Return every record verbatim, omitting all pictures.

━━━ INPUT DATA

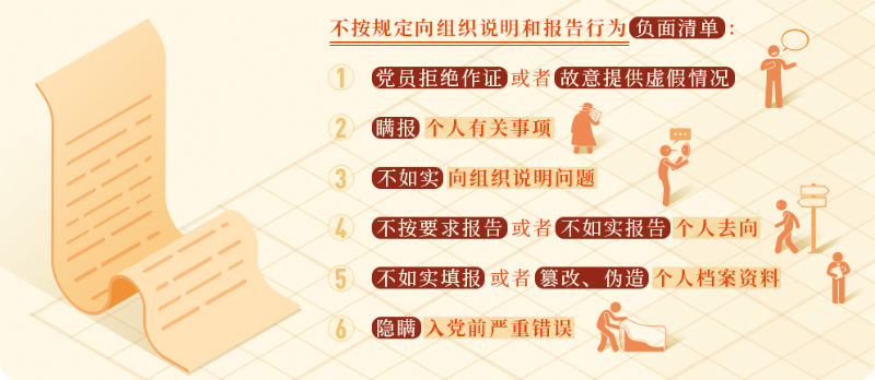 《中國共產(chǎn)黨紀律處分條例》第八十條、八十一條,對不按規定向組織說(shuō)明和報告行為作出了處分規定,主要包括6類(lèi):
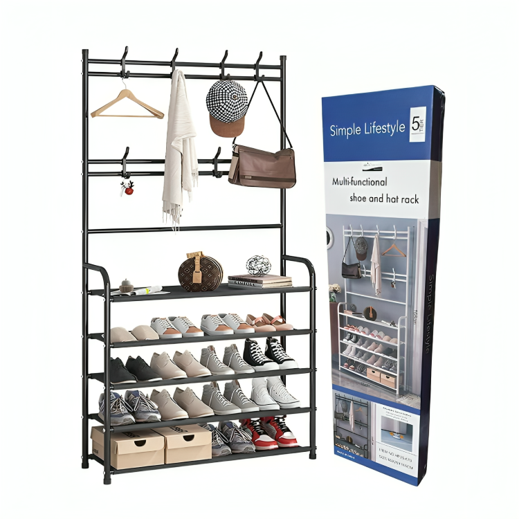 Organizador versátil diseñado para maximizar el espacio de tu hogar. Con cuatro niveles de almacenamiento y perchero integrado, ofrece soluciones prácticas para guardar ropa, accesorios y objetos diversos. Sus dimensiones de 60x28x154 cm lo hacen ideal para rincones y espacios reducidos. Estructura robusta que combina funcionalidad con un acabado elegante, perfecto para dormitorios, entradas o áreas de trabajo. Transforma el desorden en organización con estilo.
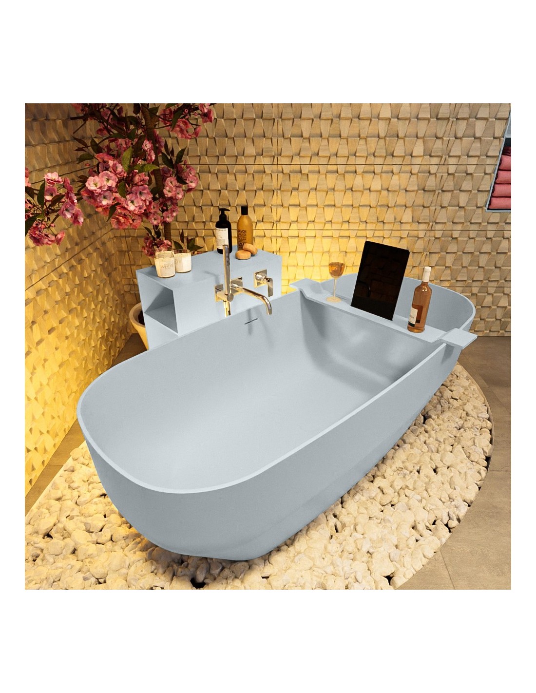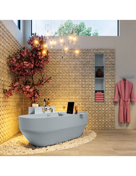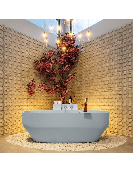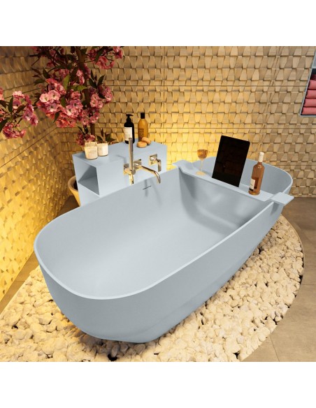 STONE fritstående badekar 170 x 75 cm Solid surface - Babyblå
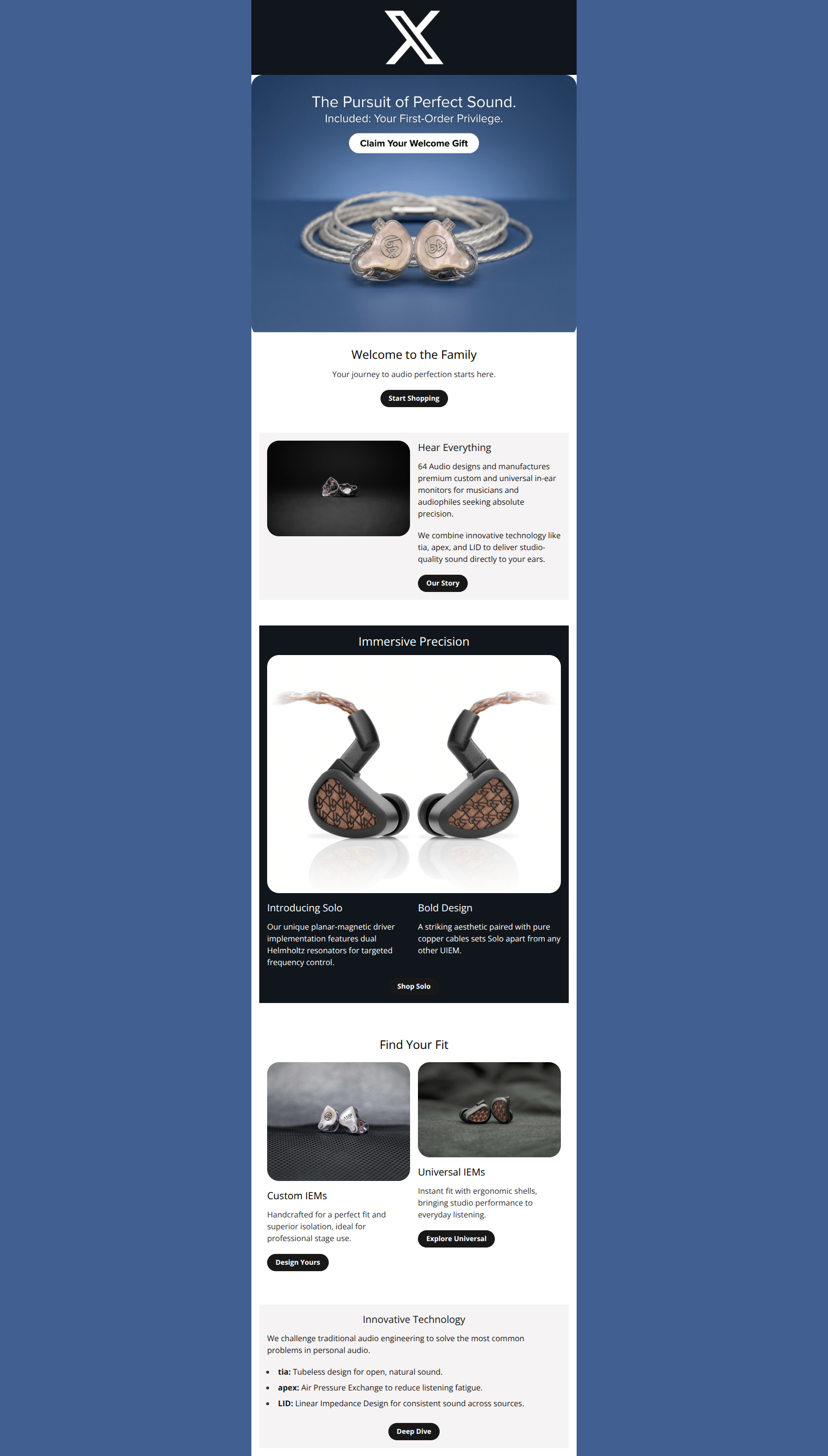 This email succeeds in conveying a premium, high-fidelity brand image through high-quality visuals and a clean layout. However, the primary conversion driver—the welcome offer—is vague ("First-Order Privilege") and trapped inside an image, likely reducing click-through rates significantly. Improving the clarity of the offer and converting image-text to live text will drive immediate lift.
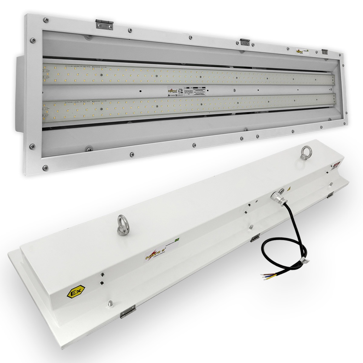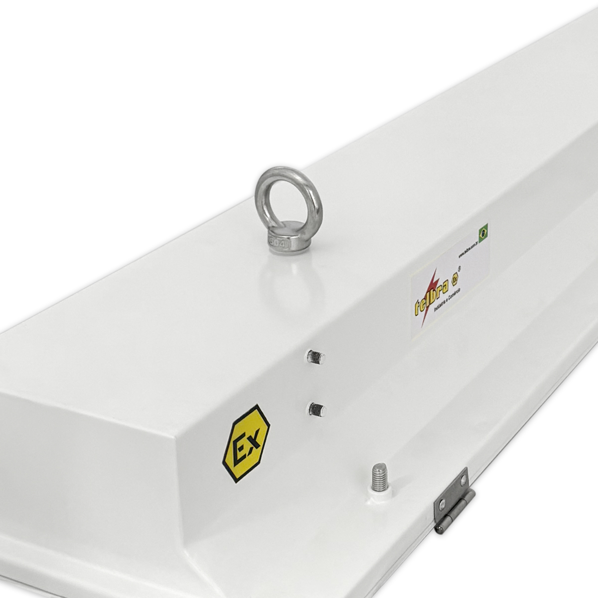 Características: Luminária de Embutir Fitas de LED, é uma luminária com diversos tipos de proteção Ex, sendo elas: Ex "e" (segurança aumentada), Ex d (a prova de explosão), Ex "m" (proteção de equipamento por encapsulamento) e Ex "t" (proteção de equipamentos contra ignição de poeira por invólucros). É composta por tampa com vidro, corpo de aço inoxidável 316, com acabamento em pintura eletrostática na cor branco.
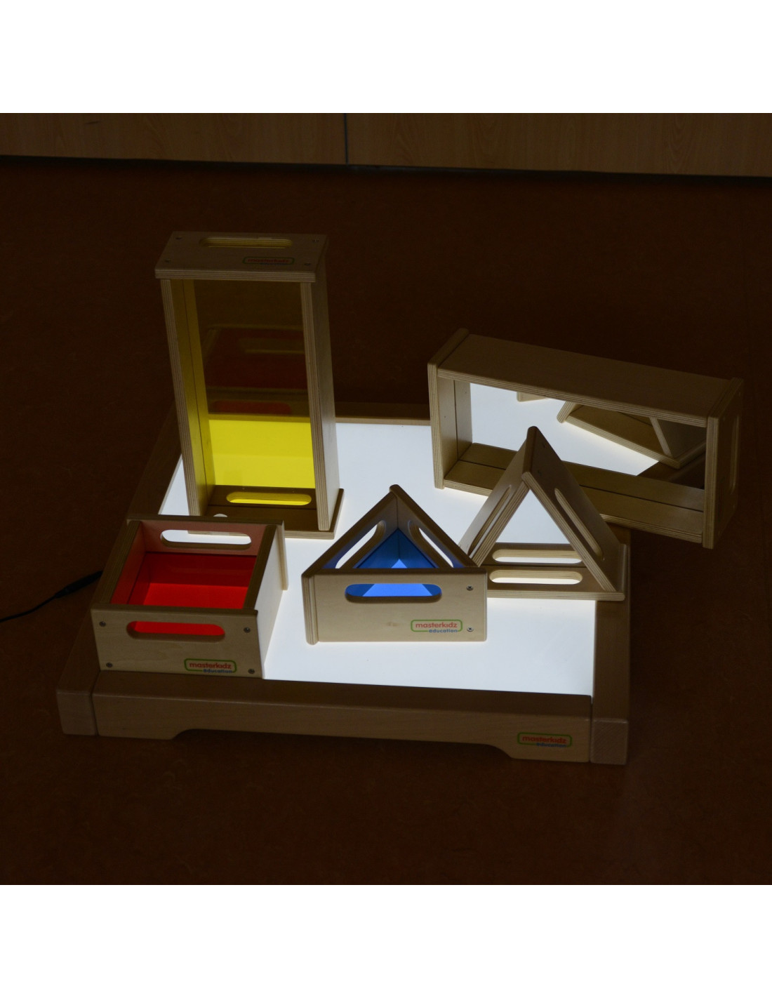 Solidny drewniany panel LED z możliwością zmiany koloru renomowanej firmy Masterkidz. Umożliwia różne rodzaje działań wspierających rozwój kreatywności, np. mieszanie kolorów oraz inne metody nauki systemem STEM. Piękne efekty można uzyskać, gdy światło przebija różne materiały, takie jak liście, papier, taca z piaskiem itp.

━━━━━━

### ANSWER FOR THIS EXERCISE
 《中國共產(chǎn)黨紀律處分條例》第八十條、八十一條,對不按規定向組織說(shuō)明和報告行為作出了處分規定,主要包括6類(lèi):
 Organizador versátil diseñado para maximizar el espacio de tu hogar. Con cuatro niveles de almacenamiento y perchero integrado, ofrece soluciones prácticas para guardar ropa, accesorios y objetos diversos. Sus dimensiones de 60x28x154 cm lo hacen ideal para rincones y espacios reducidos. Estructura robusta que combina funcionalidad con un acabado elegante, perfecto para dormitorios, entradas o áreas de trabajo. Transforma el desorden en organización con estilo.
 STONE fritstående badekar 170 x 75 cm Solid surface - Babyblå
 This email succeeds in conveying a premium, high-fidelity brand image through high-quality visuals and a clean layout. However, the primary conversion driver—the welcome offer—is vague ("First-Order Privilege") and trapped inside an image, likely reducing click-through rates significantly. Improving the clarity of the offer and converting image-text to live text will drive immediate lift.
 Características: Luminária de Embutir Fitas de LED, é uma luminária com diversos tipos de proteção Ex, sendo elas: Ex "e" (segurança aumentada), Ex d (a prova de explosão), Ex "m" (proteção de equipamento por encapsulamento) e Ex "t" (proteção de equipamentos contra ignição de poeira por invólucros). É composta por tampa com vidro, corpo de aço inoxidável 316, com acabamento em pintura eletrostática na cor branco.
 Solidny drewniany panel LED z możliwością zmiany koloru renomowanej firmy Masterkidz. Umożliwia różne rodzaje działań wspierających rozwój kreatywności, np. mieszanie kolorów oraz inne metody nauki systemem STEM. Piękne efekty można uzyskać, gdy światło przebija różne materiały, takie jak liście, papier, taca z piaskiem itp.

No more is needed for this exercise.